RNews - Istilah "blusukan" jadi terkenal setelah Joko Widodo atau Jokowi menjadi Gubernur DKI Jakarta mulai 2012.
Kala itu, Jokowi kerap turun ke lapangan dengan pengawalan biasa saja. Publik terbuai oleh gaya 'ndeso' mantan Wali Kota Solo itu.
Belakangan ini, blusukan Jokowi jarang terdengar. Publik pun bertanya-tanya, apakah karena Si Kerempeng itu sibuk sebagai capres PDI Perjuangan.
Wajar jika pertanyaan itu muncul karena kinerja pemerintah provinsi tidak memuaskan sebagian pihak. Selain itu, ada beberapa persoalan penting belum ditangani.
Jokowi akhirnya menjadi sasaran tembak. Beberapa hal bisa dijadikan 'peluru' untuk menjatuhkannya menjelang pilpres. Mau tahu apa saja?
Posisi Sekda Kosong
Posisi sekretaris daerah (sekda) DKI kosong semenjak April 2013. Sekda sempat dijabat Fajar Panjaitan yang mengundurkan diri karena ingin menjadi caleg DPR.
Posisi sekda jangan dianggap remeh. Boleh dibilang sekda merupakan orang nomor tiga setelah gubernur dan wakil gubernur.
Sekda bertugas membantu gubernur dalam melaksanakan tugas penyelenggaraan pemerintahan, administrasi, organisasi, dan tata laksana serta memberikan pelayanan administrasi.
Alasan Jokowi belum menunjuk sekda karena takut salah pilih.

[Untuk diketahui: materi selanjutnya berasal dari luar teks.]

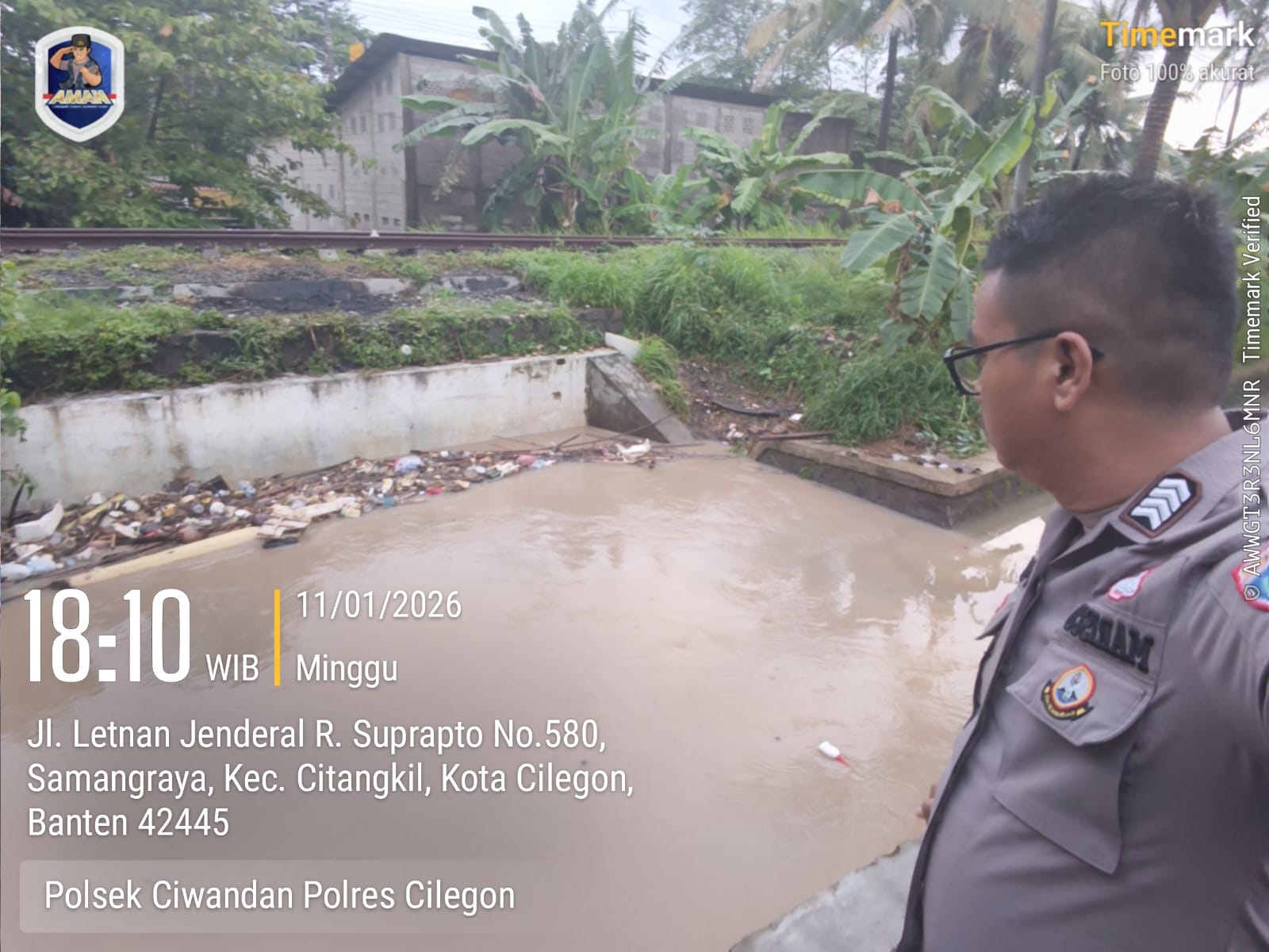 Cilegon - Dalam rangka antisipasi bencana alam personil Polsek ciwandan mengecek debit air di beberapa titik aliran sungai salah satunya yaitu kalimuk RT 005 RW 006 Kelurahan samang Raya Kecamatan citangkil Kota Cilegon, Minggu (11/01/2026).

Pelaksana Tugas Sekretaris Daerah (Sekda) DKI masih dipegang Wiriyatmoko.
"Baru. Kita masih dalam proses mencari agar tepat. Udah (ada calon)," ujarnya.
Warga Miskin Bertambah
Jumlah penduduk miskin bertambah. Hal itu diketahui setelah Jokowi membacakan Laporan Keterangan Pertanggungjawaban (LKPJ) Kepala Daerah kepada DPRD DKI dalam rapat paripurna, Senin (21/4/2014).
Jumlah penduduk miskin per-September 2013 tercatat 375.700 jiwa (3,72 persen) atau meningkat 0,02 persen dibandingkan periode sama tahun sebelumnya, yakni 366.770 jiwa (3,70 persen).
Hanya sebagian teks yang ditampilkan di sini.